The NICU at Korle-Bu Teaching hospital (KBTH) is a 55-bed facility, with 3 cubicles for high-dependency care and a 5-bed kangaroo mother care ward. It admits approximately 2400 neonates a year [15]. The 37 Military Hospital (37MH) NICU has 20 beds, it is divided into 3 cubicles, it and admits approximately 800 neonates annually. The first-line empiric antibiotic used for neonatal sepsis at the KBTH was cloxacillin and amikacin, whereas empiric antibiotics used for sepsis treatment at the 37MH varied. Routine screening for MDRGN carriage was not standard practice at the 2 hospitals. Neonates were generally admitted on the day of birth usually without prior antibiotic administration.
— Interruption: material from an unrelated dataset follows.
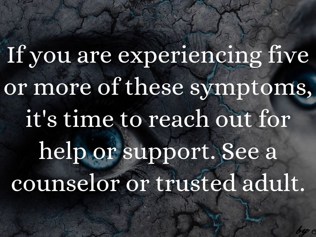 If you are experiencing five or more of these symptoms, it's time to reach out for help or support. See a counselor or trusted adult.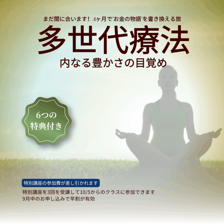 特別講座「MONEY, LIFE, ME」の参加費が、「多世代療法〜内なる豊かさの目覚め」より差し引かれます💡

Thus, the microbiota of freshly admitted newborns is likely to reflect maternal microbiota.

Clinical Data

Clinical data extracted from patient records on the day of specimen collection included maternal pregnancy history, birth weight, reason for admission, and antibiotic use before specimen collection. Data on maternal receipt of antibiotics and group B Streptococcus carriage were not recorded, and we did not screen mothers for carriage of MDRGN.

Specimen Collection and Microbiology Analysis

Swabs were collected from neonates by a trained nurse using BBL culture swab liquid Amies Medium (Becton Dickinson, Franklin Lakes, NJ). Each sample was taken with a swab moistened in transport medium and gently rotated in the fossa of the pinna, axilla, groin, and perianal region (in that order). These sites were chosen because of documented increased chance of isolating MDRGN [16]. All swabs were initially cultured on MacConkey agar plates at 35–37°C. Different GN colony morphotypes were identified and stored at −80°C and transported on dry ice to the Department of Clinical Microbiology, Rigshospitalet (Copenhagen, Denmark). Frozen isolates were thawed and cultured on lactose agar plates (SSI Diagnostica, Hillerød, Denmark) to recover GN, which were identified using MALDI Biotyper (Bruker Daltonics, Bremen, Germany).

During the study period, we conducted 3 environmental screenings at the KBTH (September 2017, October 2017, and January 2018, respectively) to understand the role of the environment in the spread of MDRGN infections. Sites (incubator doors, cots, trolley handles, door handles, weighing scales, tables, and desks) were screened using Replicate Organism Detection and Count (RODAC) plates filled with tryptic soy agar for flat surfaces; for uneven surfaces, a swab was taken.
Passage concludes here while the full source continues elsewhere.